TUALATIN, Ore. -- After a day like this, a day of running and sweating -- and well, that's about all the weary mind of Wesley Matthews could recall when put on the spot Friday to detail the Trail Blazers' fourth day of training camp -- a man just needs his rest.
Matthews, before taking care of his media obligations, warned a reporter, "I gotta lean," before crashing to the padded standard of a practice facility goal post.
Little 3-year-old Brielle Price may be cute and huggable but she even needs to understand that her daddy, Ronnie Price, may not have the legs for a piggyback ride anytime soon.
And rookie Damian Lillard will likely notice his brand new NBA 2K13 once he unwinds at home but just like last time, choose a nice ice bath over video games.
Two-a-days. They can be basketball's version of boot camp and tax the body and mind, especially for a team like the Blazers.
"This is definitely the hardest camp I've ever been in since I've been in the NBA," said Matthews, a veteran entering his fourth NBA season. "They're grueling."
Throughout the NBA, teams are concluding the first week of training camps.
The Blazers started camp on Tuesday with two sessions a day and continued the trend through Thursday.
On Friday, the team practiced through one three-hour workout, a precisely segmented session that concluded with a 40-minute controlled scrimmage near the end. But like other days, conditioning also played a major factor.
"It's more of a mental thing than a physical thing, because you have to wake yourself every morning and convince yourself to go in and work hard," Price said. "Then come back in the afternoon, and it's a mental battle again. It's more of a mind over matter thing. Once you get through this part of the season, it really prepares you for the first game of the season and for the first month of the season, for sure."
However, veteran rosters like the Blazers' season-opening opponent, the Lakers with their point guard pushing 40 and the face of the franchise already 16 years and several knee replacements into his career, are not drained nearly as much as the guys in Tualatin.
You don't make Steve Nash and Kobe Bryant run suicides.
You do, however, push and extend your roster full of young players and spend time teaching when you're Terry Stotts.
"It's different in many ways," Stotts said when comparing a veteran team's camp versus that of a youthful team. "What you want your training camp to be is productive. It's not productive to run an older team more than they need to be run. It's productive to spend a lot of time on the court with a young team that you have to teach a lot. So, the important thing (is) that you're getting done what you want to get done with your team, whether it's old or young. That your time is being used productively."
As a 22-year-old rookie, Lillard has reached back to his only frame of reference to describe this week's two-a-days.

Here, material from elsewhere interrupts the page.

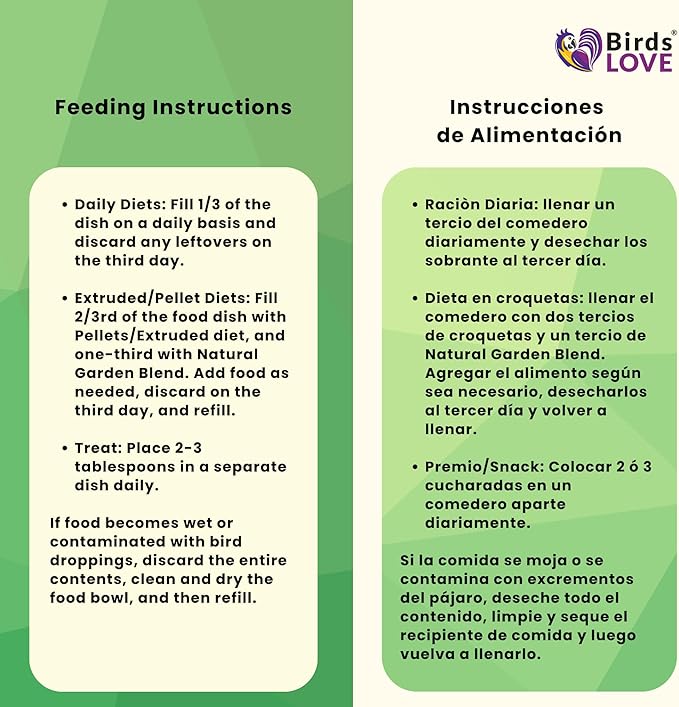 • Colorful and nutritional variety: no artificial coloring, natural blend to draw your feathered friend's attention

"It reminds me of college a little bit," Lillard said. "Same thing, without the homework."
Lillard has started his camp days early at 7:45 in the morning, arriving at the practice facility shortly after for breakfast then getting in an individual workout with assistant coach David Vanterpool.

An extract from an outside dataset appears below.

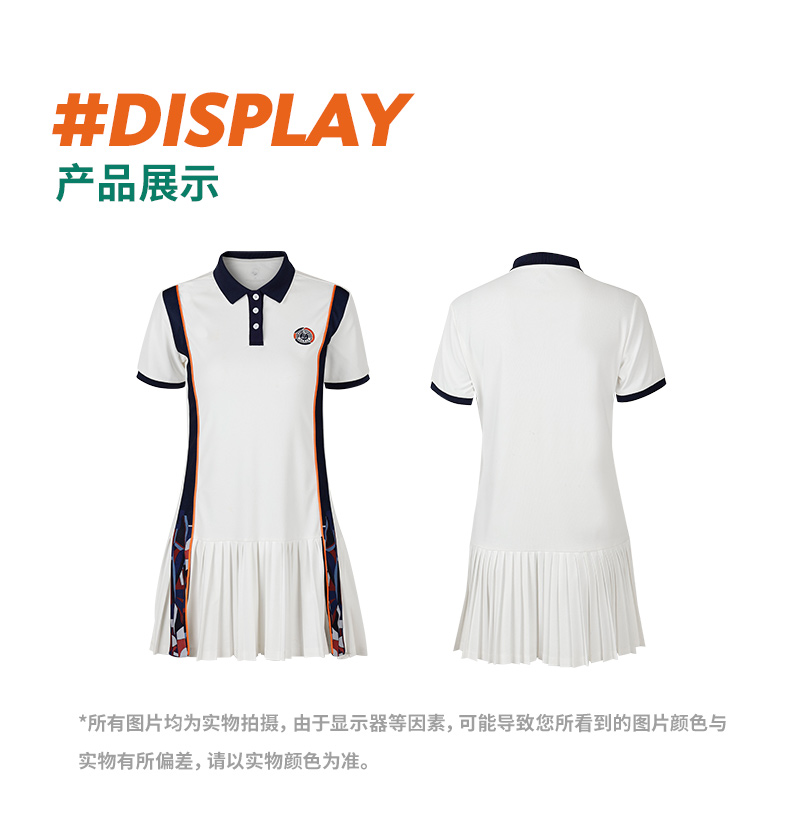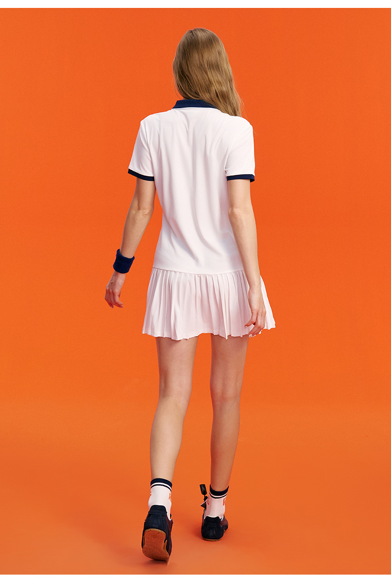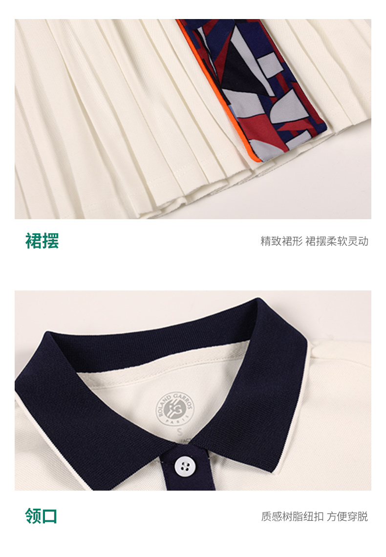 罗兰加洛斯女士连衣裙夏季新款polo领学院风收腰运动休闲百褶裙

After a brief rest, he follows up with circuit weight training for 15 minutes then back on the court for the start of 10 a.m. practice. By Friday afternoon, with so many hours logged on the court, Lillard's body appeared to call for a timeout.
After practice, he walked gingerly like that of an older man wearing slippers on linoleum -- but breathe, Blazer fans. Lillard's not injured. He is just a survivor of two-a-days.
"It's just a long training camp that we've been going through," Lillard said. "So my body's kinda sore."